Beside him, Marguerite groaned. “I swear to God, you’d think I was sixteen years old and going to my first dance,” she said, her words barely audible.
“Thank you, Mr. Masters,” Cindy said, stepping back from the car. “You take care now.”
Win thanked her as well—the woman was only doing her job—and pulled out of the long drive, the van lumbering behind him. He could sense the mortification flowing off Marguerite in waves, but she knew the drill better than anyone. She’d been living in a royal, or at least semi-royal, household her entire life. Security was simply part of the package.

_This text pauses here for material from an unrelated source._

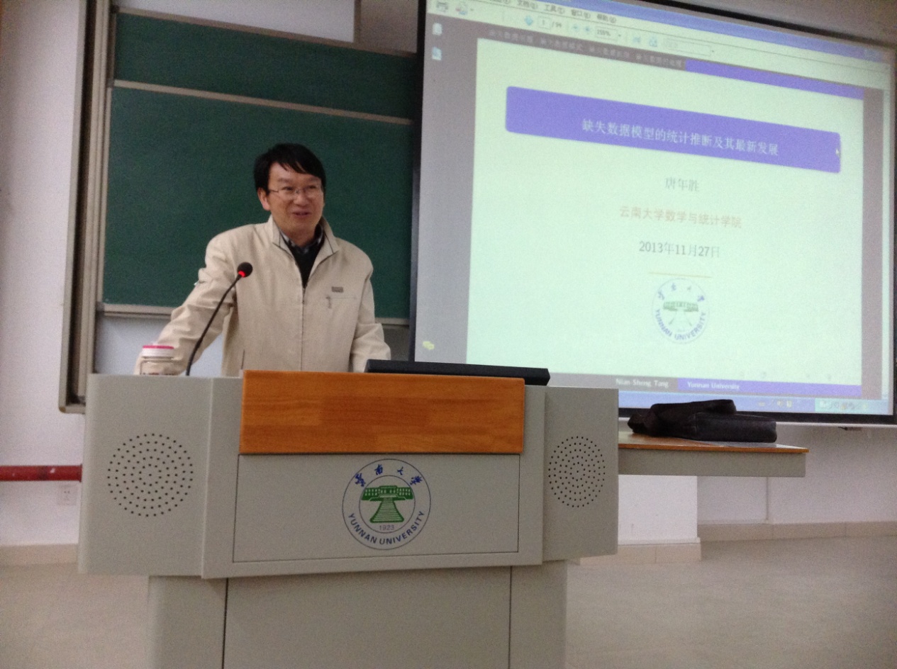 2013年11月27日,威廉体育官方网站唐年胜老师在威廉体育官方网站呈贡校区力行楼4107教室为威廉体育官方网站研究院研一新生作了主题为“缺失数据模型的统计推断及其最新发展”的学术报告。此次报告会的参与者是威廉体育官方网站研究院全体研一新生,并由赵慧老师主持。

Her thoughts must have been tracking his because, without turning her face from the window, she asked, “How heavy is your family security?”
“Now? Remarkably light. I usually use drivers who are trained bodyguards. When I drive solo, the entourage you just saw or some variation thereof are usually in play.”
That made her turn. “Seriously? Every day?”
“Well, not every day, no, but every day I travel. For the most part, their job is very boring, so I generally hire multi-taskers who can serve as private assistants, translators, and more usually construction experts like the gentlemen following us today.”
“So they can handle a hammer and a gun.”
“I prefer to be efficient.”
She chuckled, relaxing further. Win kept his gaze on the road as she studied him, still not quite ready to meet her eyes. She smelled faintly of honeysuckle and sunshine, as if she’d spent all morning outside in the garden, and he wanted the scent imprinted on his memory. He wanted everything about this woman imprinted on his memory, which was a problem.